Hair brushing is not an easy task around here. Her hair was down to the middle of her back, and it is fine and smooth and tangles like Silly String. It’s a real headache.
Literally. For both of us.
Like all kids, she hates having her hair brushed.
We sat down, and I brushed. I sprayed detangler and brushed and sprayed some more.
Fifteen minutes later, we were still brushing. The knots seemed to be multiplying, and her patience was dissipating.
“Do you want to go to Kids Kutters?” I asked.
Yeah! Let’s go now! she responded.
That was that. I called the kids’ salon (that shows a movie during the haircut), and we got in the car.
Knowing what a mess her hair was, I told her she’d need to have her hair washed before it was cut. She hesitated.
I’d been thinking about getting my hair cut anyway, so I thought quickly and made a deal.
“If you get your hair washed, I’ll get a haircut that matches yours.”
She thought for a second and agreed.
That’s exactly what happened.
She got her hair washed, calmly and without incident.

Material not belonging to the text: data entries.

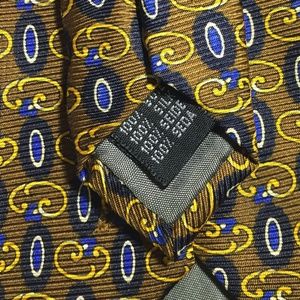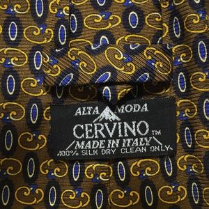 Cervino Alta Moda made in Italy Gold Blue Geometric 100% SILK men's Tie
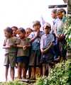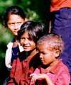 06. 10. 6:00 dann pünktlich der zeitige Wake-up-Tee. Das Wetter ist wolkenlos, wir genießen die Sicht auf den Boudha Himal (6672m) mit unserem Rupina La. Abstieg über das schiefergedeckte Pokhari ins Rangrung-Tal hinunter auf 1100m, über den Fluß und auf der anderen Seite in steilen Kehren hoch durch das Dorf Snan hinauf zur modernen Stadt Barpak (1940m) mit ca. 450 Häusern und ca. 4500 Bewohnern und einer alten Seilbahn, zur Zeit nicht benutzbar. Auf dem großen Platz inmitten einiger Schulen breiten wir unsere blaue Plane aus und nehmen unser Mittagsmahl inmitten Hunderter Kinder ein.
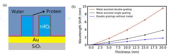 We then investigated the surface sensitivity with the protein sample adsorbing on the MADG-based GMR sensor. For simulation, we assumed a refractive index of 1.5 [36] and the protein thickness increasing from 0 nm to 20 nm to calculate the surface sensitivity [37]. Figure 6b shows the resonant wavelength of GMR as a function of the protein thickness. The sensitivity of MADG with double grating is 0.415 nm/nm, which is 2.4 times of that of metal assist single grating and 5.5 times of that of double grating without metal layer.
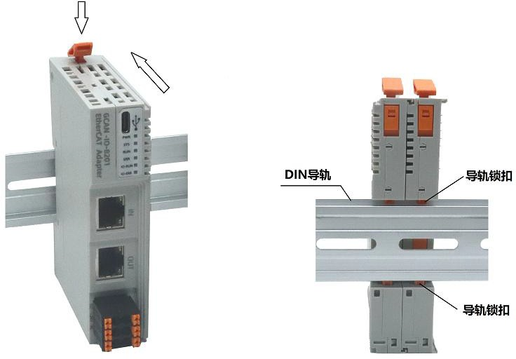 GCAN-PLC-425可編程邏輯控制器的安裝方法如下圖所示。首先把GCAN-PLC-425可編程邏輯控制器安裝在導(dǎo)軌上,再按下鎖扣并發(fā)出“咔”的一聲。
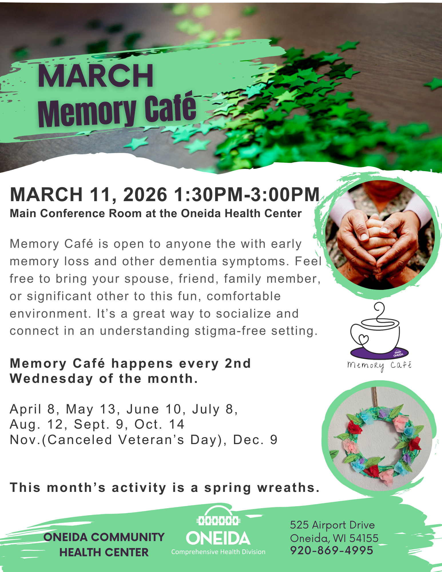 March 11th from 1:30pm-3:00pm located at Oneida Community Health Center- Memory Café is open to anyone the with early memory loss and other dementia symptoms. Feel free to bring your spouse, friend, family member, or significant other to this fun, comfortable environment. It’s a great way to socialize and connect in an understanding stigma-free setting. Please contact Shendola Flores with any questions at 920-869-4995.
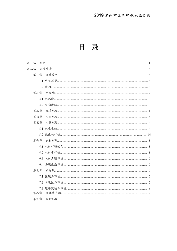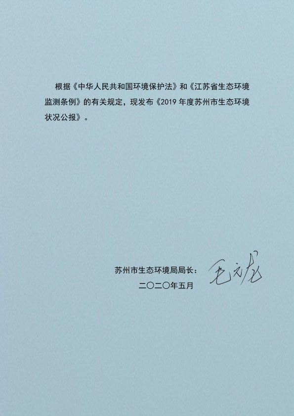 根据《中华人民共和国环境保护法》和《江苏省生态环境监测条例》的有关规定,现发布《2019 年度苏州市生态环境状况公报》
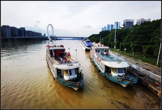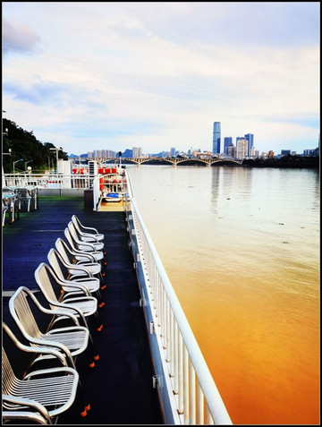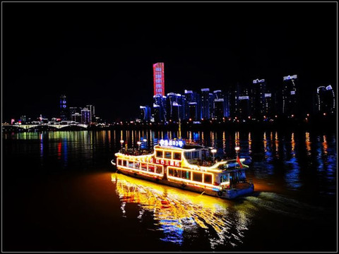 晚上应朋友邀请,乘船夜游 柳江 ,并在船上晚餐。
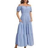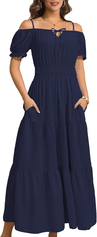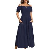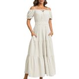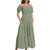 This maxi dress is perfect to dress up or down depending on your day,The women's summer dress can be worn as a beach dress for women to enjoy a wonderful vacation,This women's casual dress features a flattering waistline and puff sleeves,making it both comfortable and slimming.
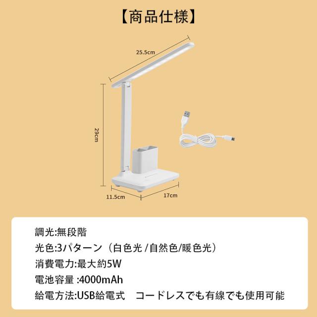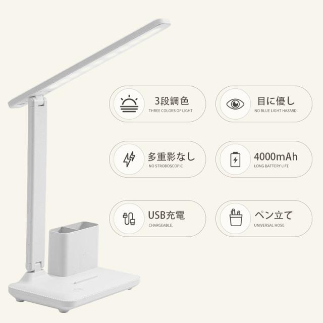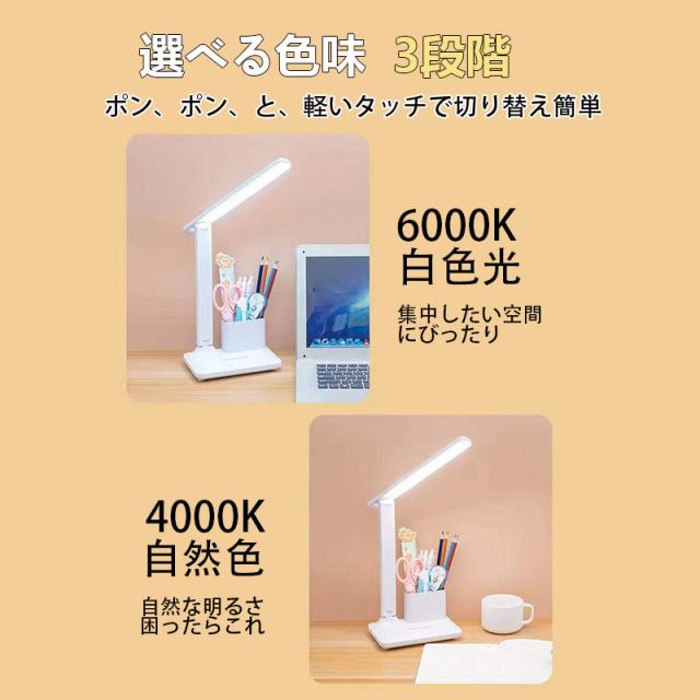 デスクライト 電気スタンド LED 子供 4000mAh 給電式 目に優しい USB 3段調色 無段階調光 タッチセンサー 読書灯 省エネ プレゼント
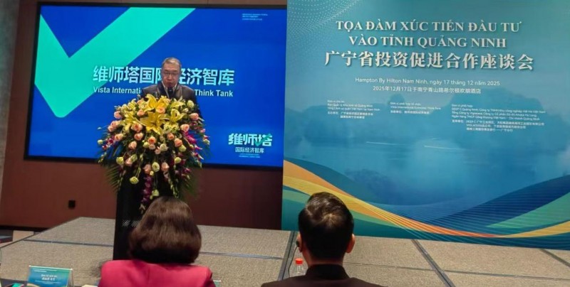 2025年12月17日下午,由越南广宁省经济区管理委员会、越南驻南宁总领事馆联合主办,维师塔国际经济智库(以下简称维师塔智库)作为唯一协办单位的“越南广宁省投资促进合作座谈会”,在广西南宁成功举行。本次活动汇聚中越两国政企学研领域代表,以“精准对接、务实赋能”为核心,搭建起政府支持、智库牵头、高校赋能、企业参与的合作平台,既夯实了中越跨境合作的基础,更凸显出维师塔智库整合跨国资源、推动务实合作的核心纽带作用。

We got matching haircuts.
We both love them, and my daughter decorated hers as soon as we got home with colored hair pieces my sister had given her for Christmas.
I’ve gone back and forth about how I handled the situation. I don’t like to make deals.
Nothing seems to work to ease my daughter’s fears.
Being stern, telling her to lie back and allow the beautician to wash her hair didn’t work. I know her well enough to know that she was going to freeze up or freak out.
Her obedience was less important to her than her fear.
I get it.
I wouldn’t grab a spider, no matter who asked me to do it. I. just. wouldn’t.
I don’t know what to do about her fears. They control her so often, and I feel so powerless.
But this time, I wasn’t powerless.
The results were pretty terrific, don’t you think?